Evolution-data-server : Remove a bunch of juvenile comments - lemieux
http://git.gnome.org/browse/evolution-data-server/commit/?id=d17494da8ebaba8673a581f256efc8a1d41e1e40
From Ryan Dahl : https://twitter.com/ryah/status/212664505434521600
======
sciurus
For the curious:

"Evolution Data Server manages access to the calendar, tasks and addressbook
information available for Evolution and other applications. It is a CORBA
component which, when activated, allows concurrent access by several client
applications to the same data, adding to that notifications of changes, which
are signalled to all clients. Its extensible architecture, allows the addition
of plugins to manage different kinds of calendar/tasks/addressbook sources, by
just writing a shared library, which will be loaded by evolution-data-server
on startup."

On my debian testing installation

    
    
      $ apt-rdepends -r evolution-data-server
      Reading package lists... Done
      Building dependency tree       
      Reading state information... Done
      evolution-data-server
        Reverse Depends: contacts (0.9-2+b1)
        Reverse Depends: dates (0.4.8-3)
        Reverse Depends: ekiga (3.2.7-5)
        Reverse Depends: evolution (>= 3.2.2-1+b1)
        Reverse Depends: evolution-data-server-dbg (= 3.2.2-3)
        Reverse Depends: evolution-rss (>= 0.2.90~20111111-3)
        Reverse Depends: gbirthday (0.6.5-1)
        Reverse Depends: gnome-core (>= 1:3.0+9)
        Reverse Depends: gnome-phone-manager (0.68-3)
        Reverse Depends: libfolks-eds25 (>= 0.6.9-1)
        Reverse Depends: libjana-ecal0 (0.0.0+git20091215.9ec1da8a-2+b3)
        Reverse Depends: tasks (0.20-1+b1)

------
icebraining
I never understood what's so bad about swearing in code comments. It's not
something I would do, but different people speak in different ways, so what?
This commit seems like a big waste of time to me (except when it replaces
variables names with something more descriptive).
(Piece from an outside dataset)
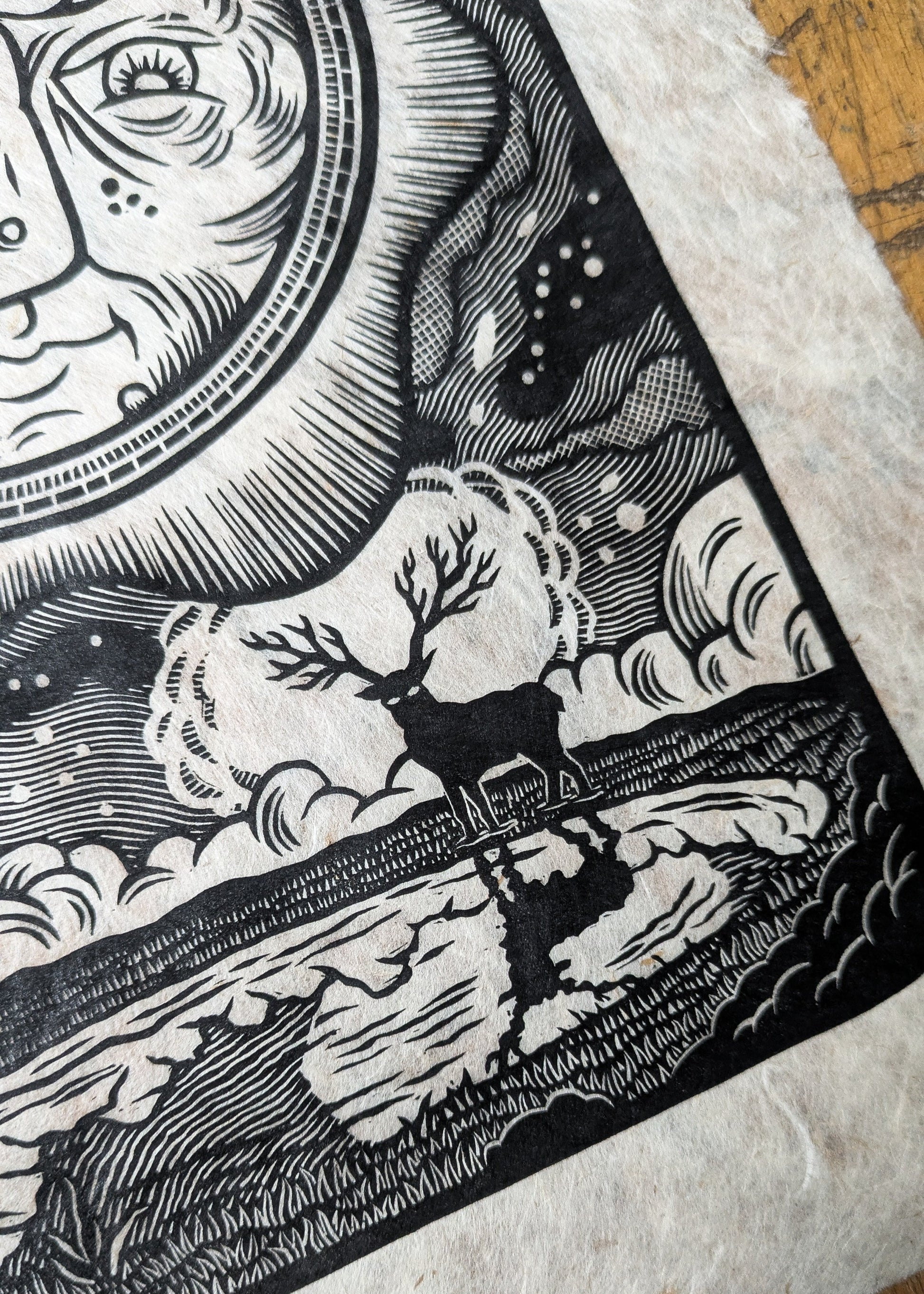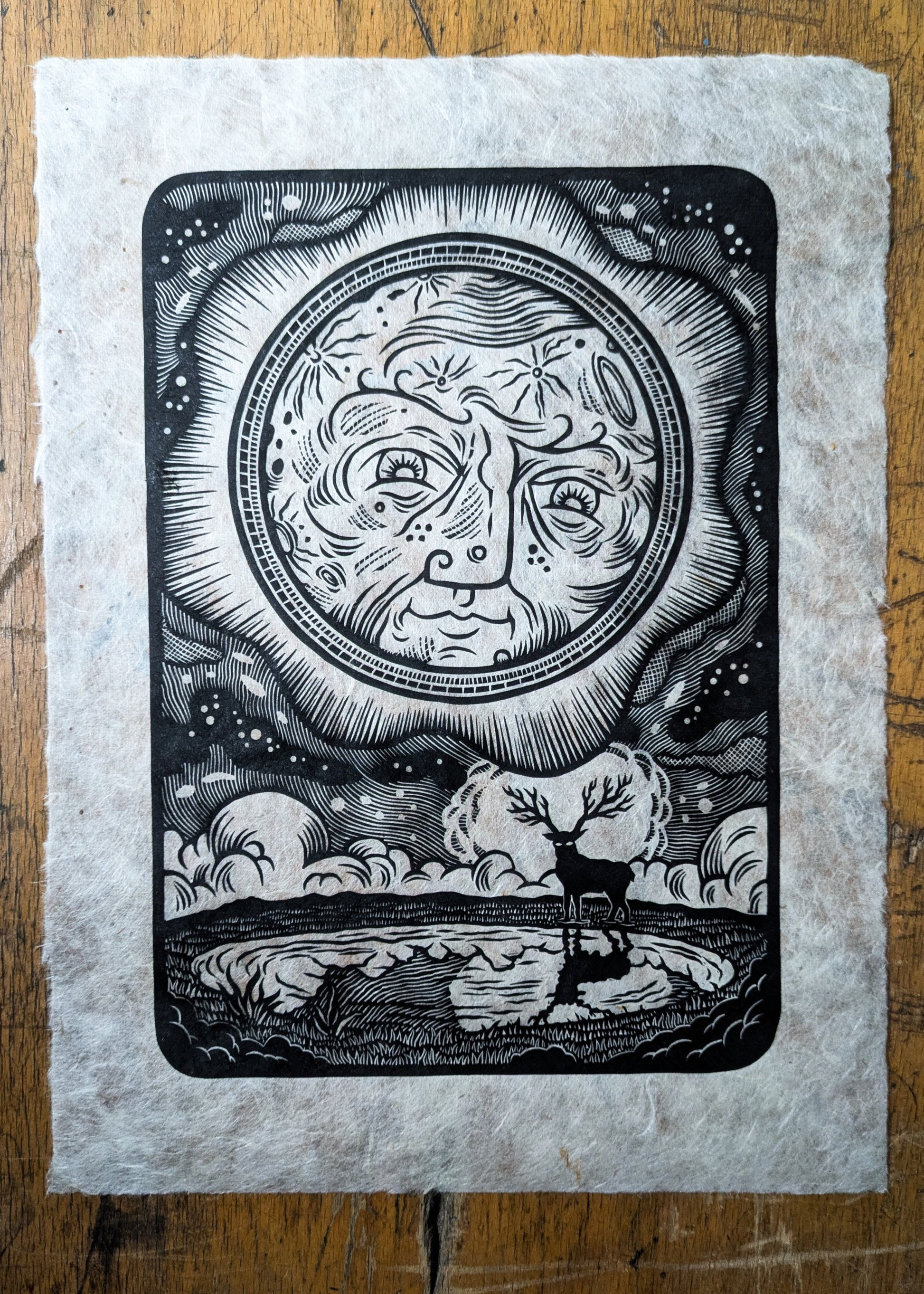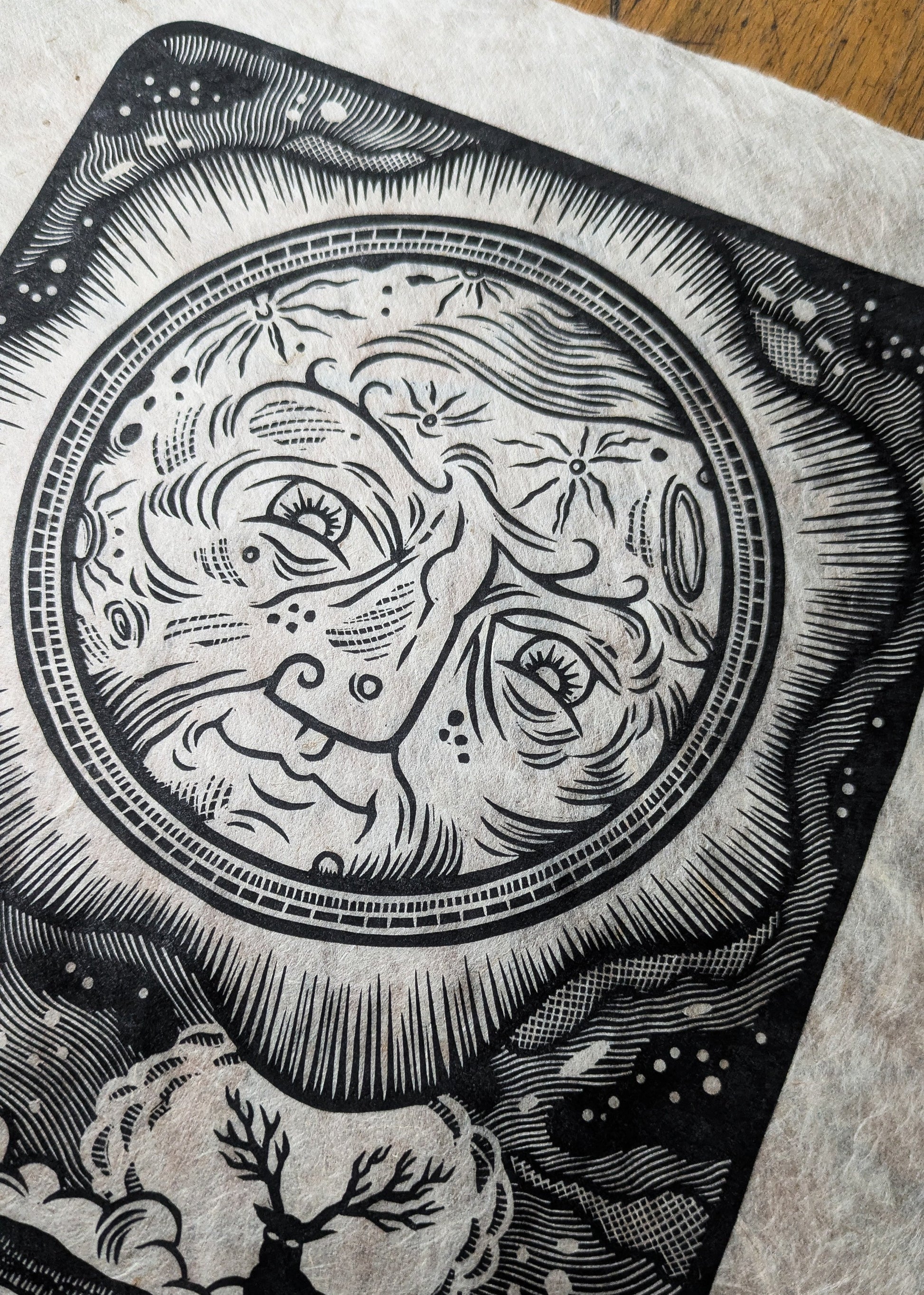 Due to the nature of the printing process there may be small variations from print to print. This is very much one reason why hand printed linocuts are special. Each is unique!

Personally, I like William Morgan's IMAP rant[1], from the source of his
excellent mail client Sup[2].

And then there's the kernel: <http://www.vidarholen.net/contents/wordcount/>

[1]: <http://sup.rubyforge.org/svn/trunk/lib/sup/imap.rb>

[2]: <http://sup.rubyforge.org/>

------
mschalle
I wonder how this codebase would rank in the GitHub emotions analysis [1]

[1]: [http://geeksta.net/geeklog/exploring-expressions-emotions-
gi...](http://geeksta.net/geeklog/exploring-expressions-emotions-github-
commit-messages/)

------
bokchoi
Wow, these comments don't inspire much confidence in evolution even after they
are cleaned up.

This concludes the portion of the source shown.